◆ **EXERCISE OBJECTIVE**: Find the line with "Assorted lot of" in the records below. Output exactly from there until after the line with "7月19日(金)、1年生は、", without pictures.

═════ INFORMATION SHOWN

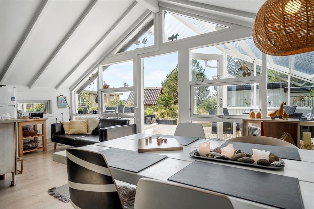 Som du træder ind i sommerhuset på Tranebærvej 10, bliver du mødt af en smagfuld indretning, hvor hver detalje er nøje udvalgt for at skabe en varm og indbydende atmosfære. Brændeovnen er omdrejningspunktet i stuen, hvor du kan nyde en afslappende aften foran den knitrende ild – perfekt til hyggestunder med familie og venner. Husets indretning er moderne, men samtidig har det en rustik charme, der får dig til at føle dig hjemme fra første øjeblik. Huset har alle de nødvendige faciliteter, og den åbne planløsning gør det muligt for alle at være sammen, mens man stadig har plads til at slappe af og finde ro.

══════════
═════ INFORMATION SHOWN

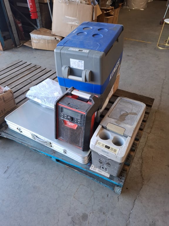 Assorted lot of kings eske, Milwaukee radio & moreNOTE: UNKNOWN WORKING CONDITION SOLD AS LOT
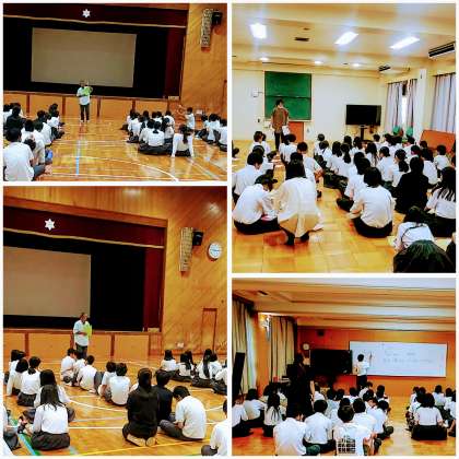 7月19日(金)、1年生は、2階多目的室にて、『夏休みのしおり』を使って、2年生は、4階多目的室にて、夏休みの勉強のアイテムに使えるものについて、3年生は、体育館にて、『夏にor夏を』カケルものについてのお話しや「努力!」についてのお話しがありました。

══════════

◆ **YOUR SOLUTION**:
 Assorted lot of kings eske, Milwaukee radio & moreNOTE: UNKNOWN WORKING CONDITION SOLD AS LOT
 7月19日(金)、1年生は、2階多目的室にて、『夏休みのしおり』を使って、2年生は、4階多目的室にて、夏休みの勉強のアイテムに使えるものについて、3年生は、体育館にて、『夏にor夏を』カケルものについてのお話しや「努力!」についてのお話しがありました。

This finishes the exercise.